The red flags are not supposed to go up until someone actually says they want to, you know, “do away with Medicaid and Medicare.”
Never mind that, even now, Ryan complains about how America is being overwhelmed by “takers” (citizens who claim benefits to which they are entitled) and the “welfare state” (Social Security, Medicare and Medicaid).
Only when a candidate starts talking about ending entitlement programs—as in “doing away” with them—can we be serious about the immediate threat those programs actually face.
Meet Tommy Thompson, former Republican governor of Wisconsin, former Bush-Cheney administration secretary of health and human services, former candidate for the Republican nomination for president and mentor to Paul Ryan.
Speaking to a Tea Party group while campaigning for Wisconsin’s open US Senate seat, Thompson recounted how he “reformed” welfare in Wisconsin.
Back in the 1990s, Thompson said he wanted to “end welfare as we know it.” In fact, he replaced the program with a classic combination of high-government spending, lots of patronage appointments and rising poverty.
Now, Thompson has dropped the “end welfare as we know it” pretense.

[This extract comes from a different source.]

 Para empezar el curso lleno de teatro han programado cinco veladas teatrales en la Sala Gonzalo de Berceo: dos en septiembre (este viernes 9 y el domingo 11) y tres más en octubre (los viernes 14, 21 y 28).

He brags that he finished off “one of the entitlement program.”
And he’s gunning for a couple of other entitlement programs.
Which ones?
You guessed it: Medicaid and Medicare.
Declaring that he wants to “change Medicare and Medicaid like I did welfare,” Thompson asked a May gathering of the Lake Country Area Defenders Of Liberty in Oconomowoc, Wisconsin: “Who better to and who better than me, who’s already finished one of the entitlement programs, to come up with programs to do away with Medicaid and Medicare?”

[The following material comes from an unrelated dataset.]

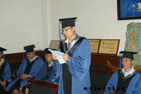 全体硕士毕业生发言。他说,研究生们能够有丰硕的研究成果,是得益于良师的指导和丰富的学习资源。无论是继续深造还是步入社会,他们都会牢记母校的校训,用知识回报社会,用成就回馈母校和学院,以报答他们的恩师。

The video has only now surfaced and its a blockbuster -- especially in the aftermath of the release last week of a similar video that saw Republican presiential nominee Mitt Romney dismissing 47 percent of Americans as a "dependent" class unworthy of Republican consideration.
Just to repeat: a top Republican Senate candidate has been caught on video talking about how he would “DO AWAY WITH MEDICAID, AND MEDICARE.”
Just to repeat: “DO AWAY WITH MEDICAID, AND MEDICARE.”
It should be understood that Thompson is no fringe-dwelling Todd Akin. As the longtime Republican governor of a swing state, he’s worked with every GOP president since Ronald Reagan, and he oversaw social programs for the Bush-Cheney administration. This year, he’s one of his party’s premier recruits in the fight to retake the Senate. Indeed, the race between Thompson and Democratic Congresswoman Tammy Baldwin could decide which party controls the chamber.
Thompson is, as well, closely aligned with Paul Ryan. The Senate candidate’s ties to Ryan’s politically connected family go back to when the Republican vice-presidential nominee was a child. Thompson has been a Ryan booster from the very beginning of the younger Wisconsinite’s career in electoral politics—when Thompson was the powerful governor of the state and Ryan was organizing his first Congressional bid.
When Thompson joined the Bush-Cheney Cabinet, he and Ryan kept regular company in Washington. They look forward to working together when Thompson becomes the point man on entitlement debates in a Republican-controlled Senate and Ryan is the Romney White House’s chief liaison to Capitol Hill.
The voters will have something to say about that, however.
If they want to preserve Medicaid and Medicare, they will remember that, while Ryan may add the “as we know it” spin, Thompson gets to the heart of the matter when he says it is the intention of these “reformers” to “do away with Medicaid and Medicare.”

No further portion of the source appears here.